4 pointsby zmactep6 hours ago1 comment
  • dalke5 hours ago
    You might mention in other forums, like the RDKit mailing list (though that's almost moribund).

    I looked at the SDF reader, since that's what I know best. I see a few things which look like they need revisiting.

    Line 75 has 'if name == "$$$$" {return self.parse_molecule();}' This isn't correct. This means the record name is "$$$$" (if you are RDKit), or it means the record is in the wrong format (if you are the CTFile specification, which explicitly prohibits that).

    Also, does Rust have tail recursion? If not, the recursive nature of the code makes me think parsing a file containing 1 million lines of the form "$$$$\n" would likely blow the stack.

    In principle the version number test for V2000 or V3000 should look at the specific column numbers, and not presence somewhere in the line. Someone like me might place a "V3000" in the obsolete fields, with a "V2000" in the correct vvvvvv field. ;)

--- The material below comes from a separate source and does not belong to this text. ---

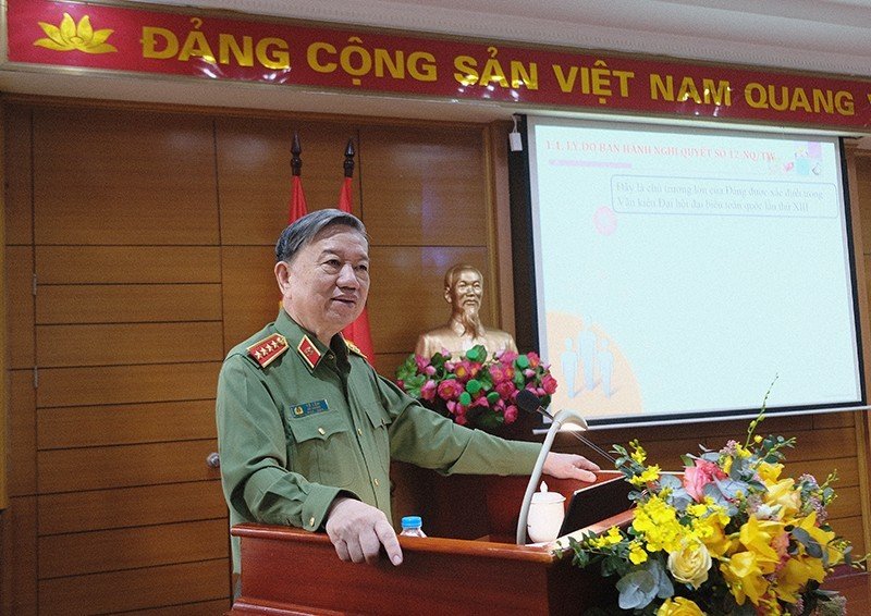 Đại tướng, GS.TS Tô Lâm - Ủy viên Bộ Chính trị, Bí thư Đảng ủy Công an Trung ương, Bộ trưởng Bộ Công an truyền đạt nội dung chuyên đề tại lớp Bồi dưỡng.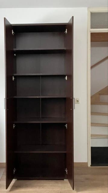 Deze donkerbruine kledingkast heeft twee deuren en is voorzien van meerdere planken. De kast is geschikt voor het opbergen van kleding of andere spullen. De kast is in gebruikte staat. Kast is gedemon

    The "Skip to end of molecule" code will break on real-world datasets. One classic problem is a company which used "$", "$$", "$$$" and "$$$$" to indicate cost, stored as tag data like:

      > <price>
      $$$$
    
      $$$$
    
    where the first "$$$$" is part of the data item, and the second "$$$$" is the end of the SD record. This ended up causing a problem when an SDF reader somewhere in their system didn't parse data items correctly. (Another common failure in data item parsing is to ignore the requirement for a newline after the data item.)

    I talk about "$$$$" more at http://www.dalkescientific.com/writings/diary/archive/2020/0... .

    Then there's the "S SKP" field, which you'll almost certainly never see in real life! I've only seen it used in a published example of a JICST extended MOLfile. See http://www.dalkescientific.com/writings/diary/archive/2020/0...

    Please don't let these comments get you down! These details are hard to get, and not obvious. It took me years to learn the rare corner cases.

    I also haven't done molviz since the 1990s, or used PyMol (I was VMD person), so can't say anything about the overall project. We started with GL, and had to port to OpenGL. :)

    PS. A bit of history for you. PyMol's and VMD's selection syntax look similar because both drew on the syntax in Axel Brunger's X-PLOR. Warren DeLano came out of Brunger's lab, and VMD was from Schulten's group, which were X-PLOR users. (Schulten was Brunger's PhD advisor.)